**** Input material
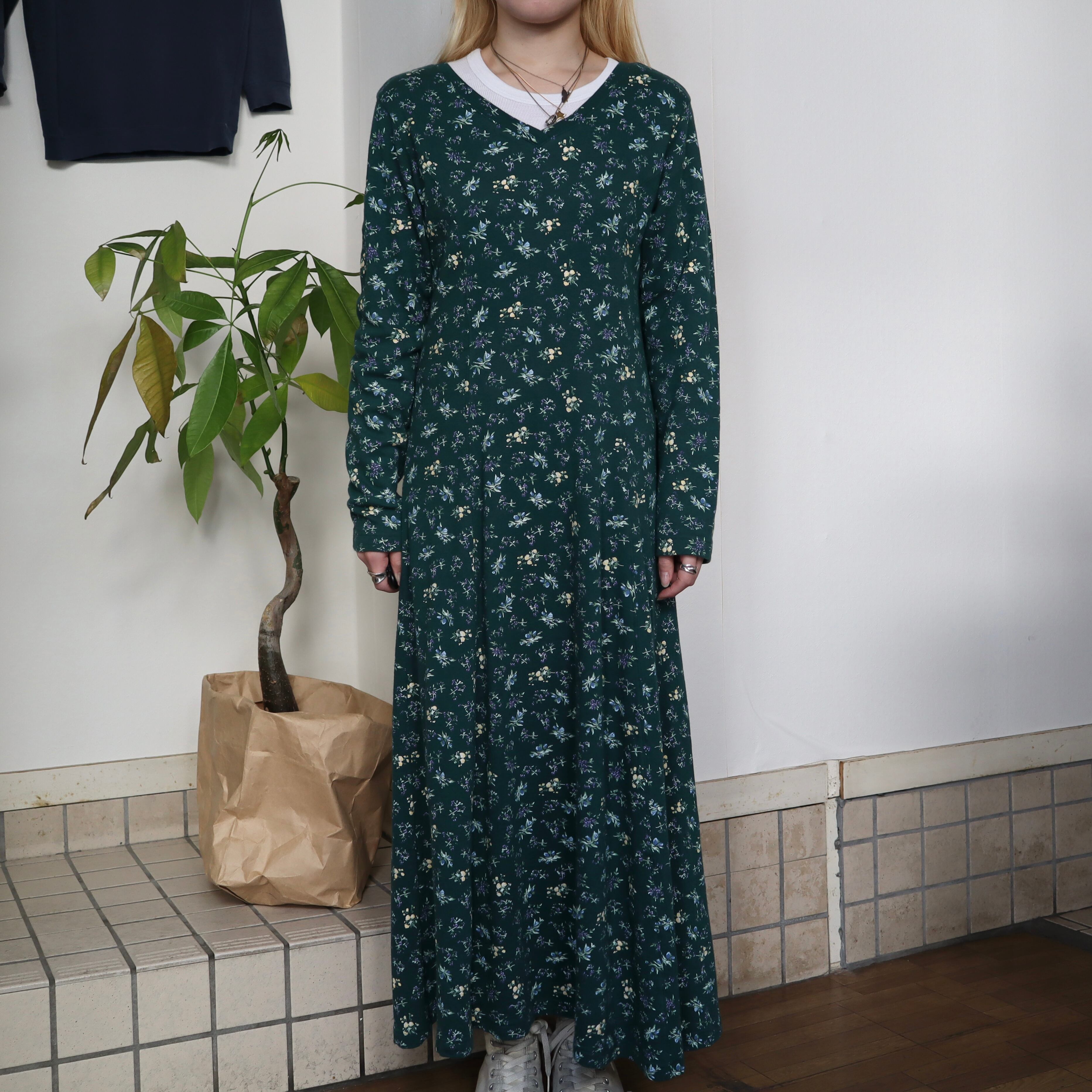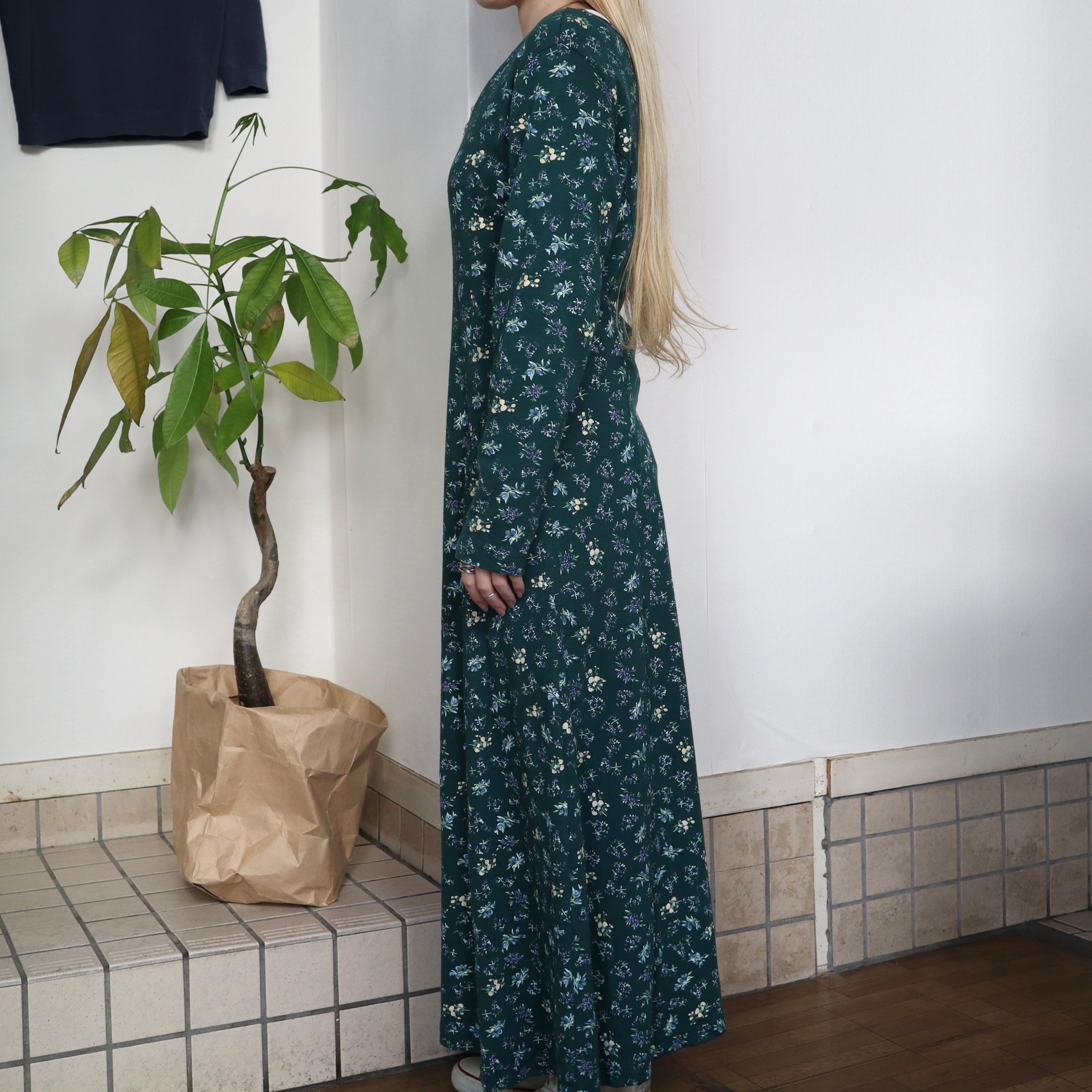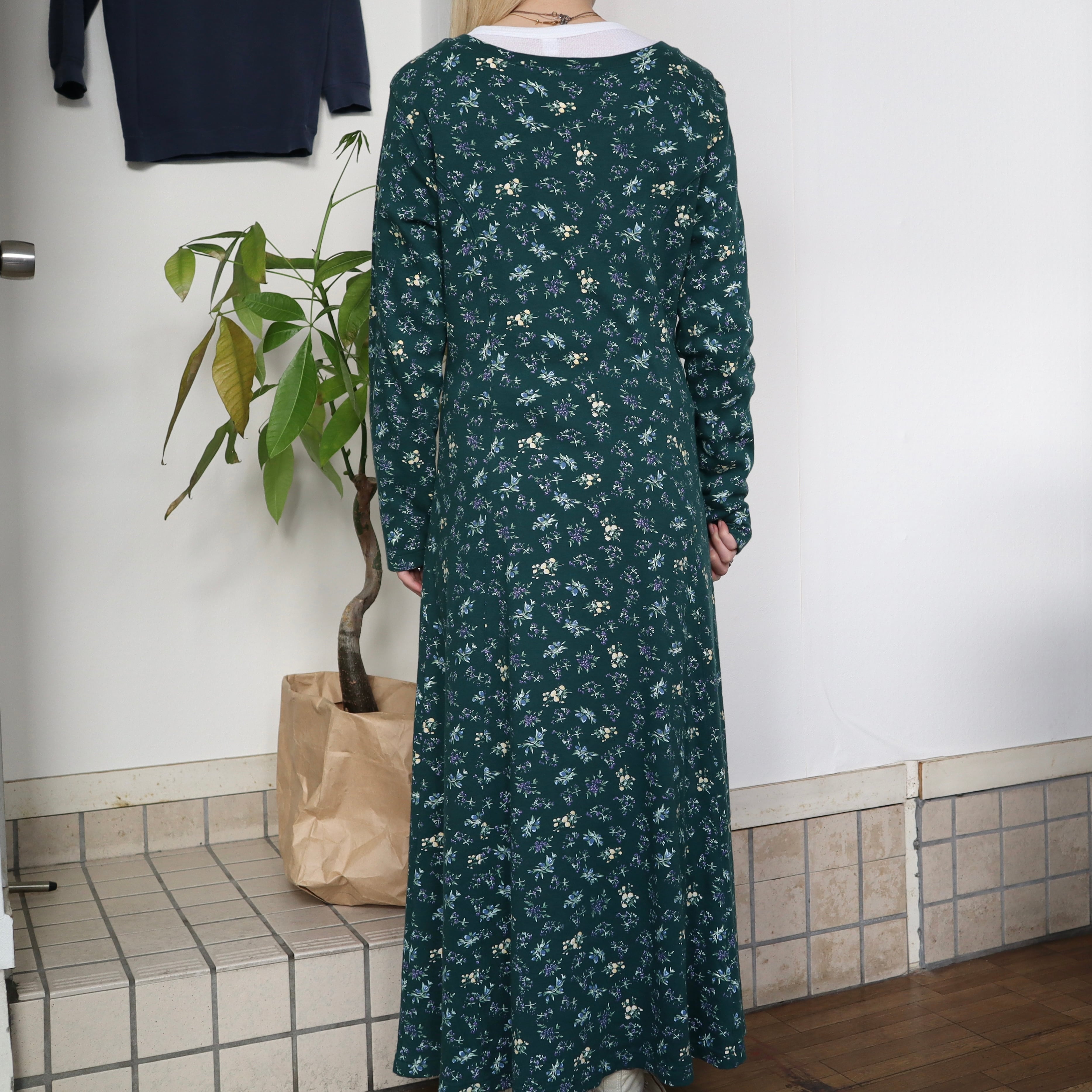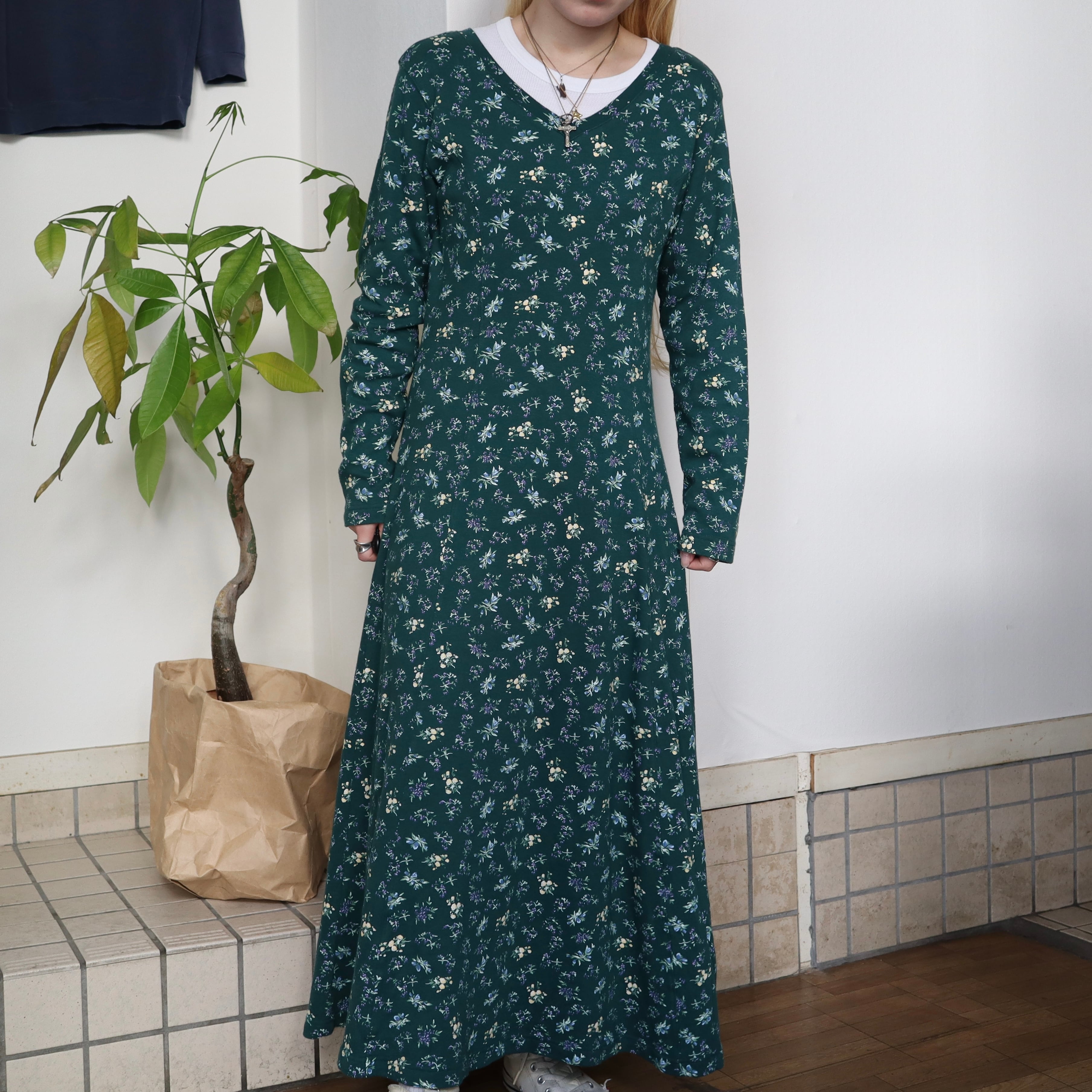 old flower long sleeve dress / green
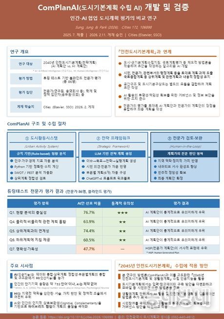해당 방법론은 국제적으로도 이미 검증을 마쳤다. 2040년 인천도시기본계획 변경 수립 경험을 바탕으로 인공지능과 인간의 계획 특성을 비교·분석한 연구 '컴플랜에이아이를 활용한 도시계획(Planning with ComPlanAI)'은 2026년 2월 21일 사회과학인용색인(SSCI) 등재 도시계획 분야 최상위 국제학술지인 Cities(시티즈)에 게재됐다.
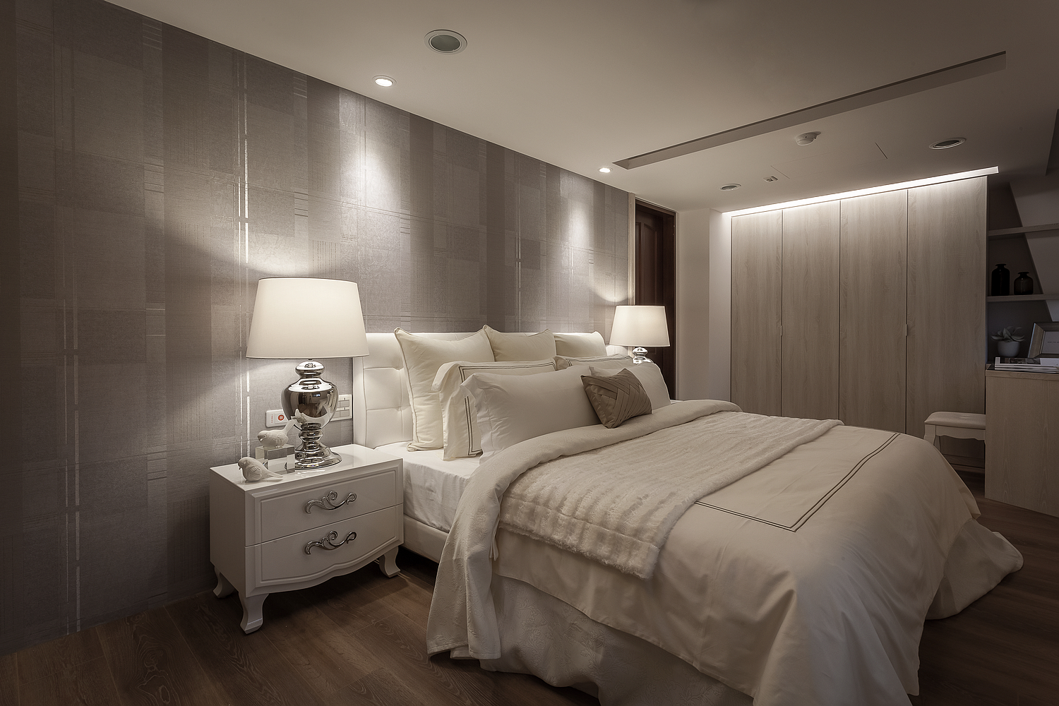The mezzanine space is planned for the main bedroom and kids’ room. The crystal chandelier presents the beloved classical style by the hostess. The pure white bed and furniture are consistent with the philosophy of designer, quoted “the design idea relieving stressful life style has left the space in the residence telling the story for the family.”
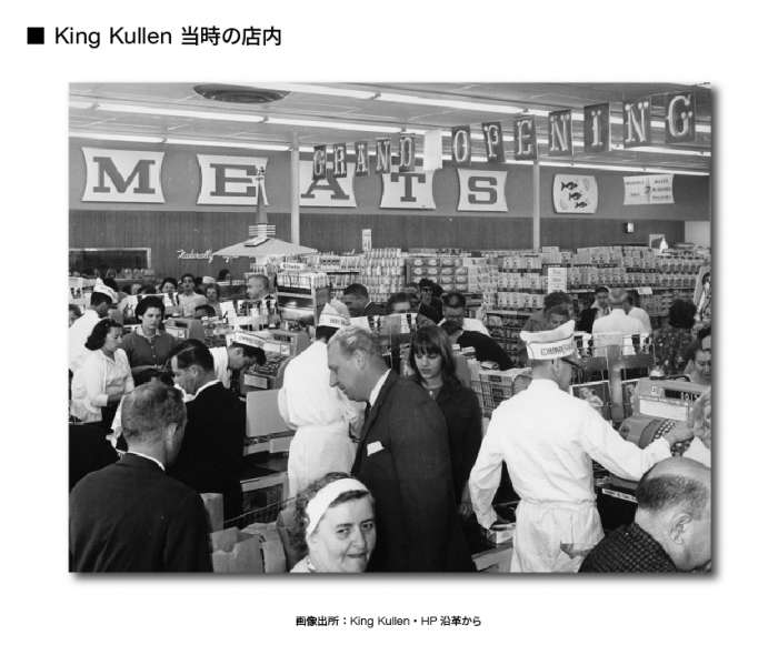 広大な駐車場も備えた大型店舗でセルフサービスを採用し、生鮮食品も販売。店員による接客廃止や内装・外装の簡略化、商品を箱のまま陳列することなどによって、大幅な低価格化を実現しました。1937年にはショッピングカートが使われ始めたと言います。
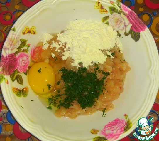 Добавить соль, перец, мелко нарезанный укроп, яйцо, муку и при желании можно ещё чеснок добавить. Перемешать.
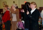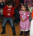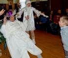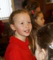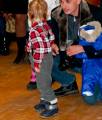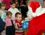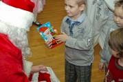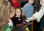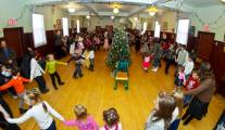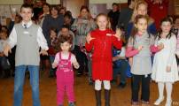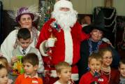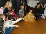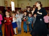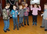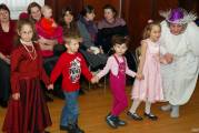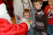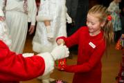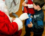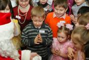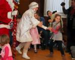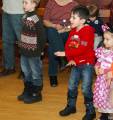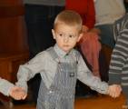 Забавно наблюдать за самыми маленькими. Идет хоровод, поют, танцуют, а один малыш заинтересован елкой, стоит, в нее заглядывает, игрушки рассматривает, осторожненько трогает пальчиками и по барабану, что там вокруг происходит. Другая принцесса всё пыталась что-то найти под елкой, чего-то ожидала увидеть, обползала её со всех сторон и на пол ляжет заглянуть, но неудача постигла, ничего не нашла, потом решила стены обследовать, под стулья заглядывать, в общем занята была настоящим делом, не до гулянки. Третий малыш не мог стоять на месте, всё порывался бежать, но у папы зоркий глаз, от себя не отпускал. Присутствовали и совсем маленькие, сидели на коленках родителей, удивленно смотрели на происходящее вокруг. Спектр эмоций был очень широк у всех присутствующих. Атмосфера праздника получилась замечательной.
********
Exercise objective
Every line from the top of the material above through the line with "해당 방법론은 국제적으로도" should be duplicated exactly, please; leave out the pictures.

The answer
 old flower long sleeve dress / green
해당 방법론은 국제적으로도 이미 검증을 마쳤다. 2040년 인천도시기본계획 변경 수립 경험을 바탕으로 인공지능과 인간의 계획 특성을 비교·분석한 연구 '컴플랜에이아이를 활용한 도시계획(Planning with ComPlanAI)'은 2026년 2월 21일 사회과학인용색인(SSCI) 등재 도시계획 분야 최상위 국제학술지인 Cities(시티즈)에 게재됐다.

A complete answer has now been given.